- _Given entries_:
##########
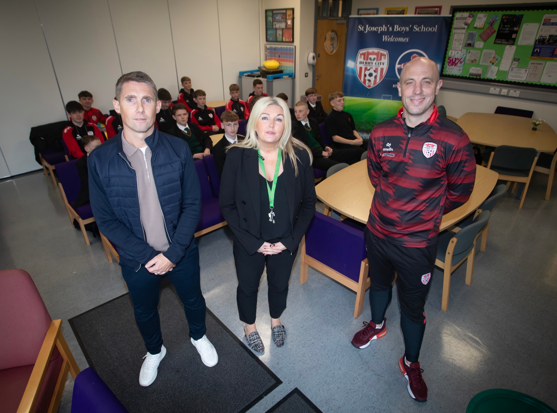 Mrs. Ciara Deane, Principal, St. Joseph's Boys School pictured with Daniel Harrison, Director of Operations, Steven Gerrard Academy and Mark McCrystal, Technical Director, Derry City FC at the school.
##########
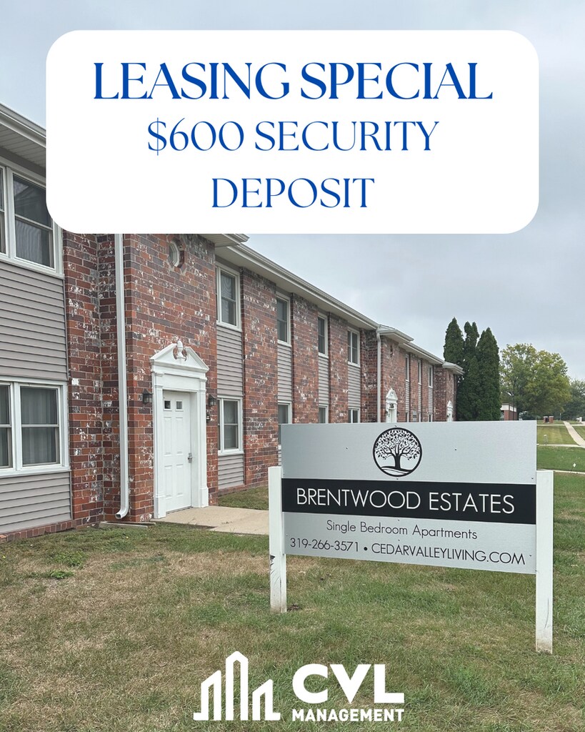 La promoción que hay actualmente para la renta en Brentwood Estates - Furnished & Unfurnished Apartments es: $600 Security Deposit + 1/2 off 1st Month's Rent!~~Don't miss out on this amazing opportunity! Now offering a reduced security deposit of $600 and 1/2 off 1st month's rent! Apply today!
##########
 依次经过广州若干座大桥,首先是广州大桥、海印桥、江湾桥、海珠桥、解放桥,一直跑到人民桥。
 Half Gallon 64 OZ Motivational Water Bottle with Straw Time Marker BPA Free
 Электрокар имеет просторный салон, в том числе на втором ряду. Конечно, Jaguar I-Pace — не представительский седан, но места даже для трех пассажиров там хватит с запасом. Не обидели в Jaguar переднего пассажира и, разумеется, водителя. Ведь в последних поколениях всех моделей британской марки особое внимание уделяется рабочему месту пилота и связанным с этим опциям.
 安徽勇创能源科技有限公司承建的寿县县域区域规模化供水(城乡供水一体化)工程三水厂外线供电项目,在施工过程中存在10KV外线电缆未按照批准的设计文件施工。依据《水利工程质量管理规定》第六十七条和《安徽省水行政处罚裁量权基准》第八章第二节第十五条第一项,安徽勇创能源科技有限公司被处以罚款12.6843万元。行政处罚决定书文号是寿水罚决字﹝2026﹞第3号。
##########
- _Activity_:
Once you find the line with "Электрокар имеет просторный" above, print it and every line after it up to and including the line with "安徽勇创能源科技有限公司承建", exactly as written and nothing else.

- _Exercise output_:
 Электрокар имеет просторный салон, в том числе на втором ряду. Конечно, Jaguar I-Pace — не представительский седан, но места даже для трех пассажиров там хватит с запасом. Не обидели в Jaguar переднего пассажира и, разумеется, водителя. Ведь в последних поколениях всех моделей британской марки особое внимание уделяется рабочему месту пилота и связанным с этим опциям.
 安徽勇创能源科技有限公司承建的寿县县域区域规模化供水(城乡供水一体化)工程三水厂外线供电项目,在施工过程中存在10KV外线电缆未按照批准的设计文件施工。依据《水利工程质量管理规定》第六十七条和《安徽省水行政处罚裁量权基准》第八章第二节第十五条第一项,安徽勇创能源科技有限公司被处以罚款12.6843万元。行政处罚决定书文号是寿水罚决字﹝2026﹞第3号。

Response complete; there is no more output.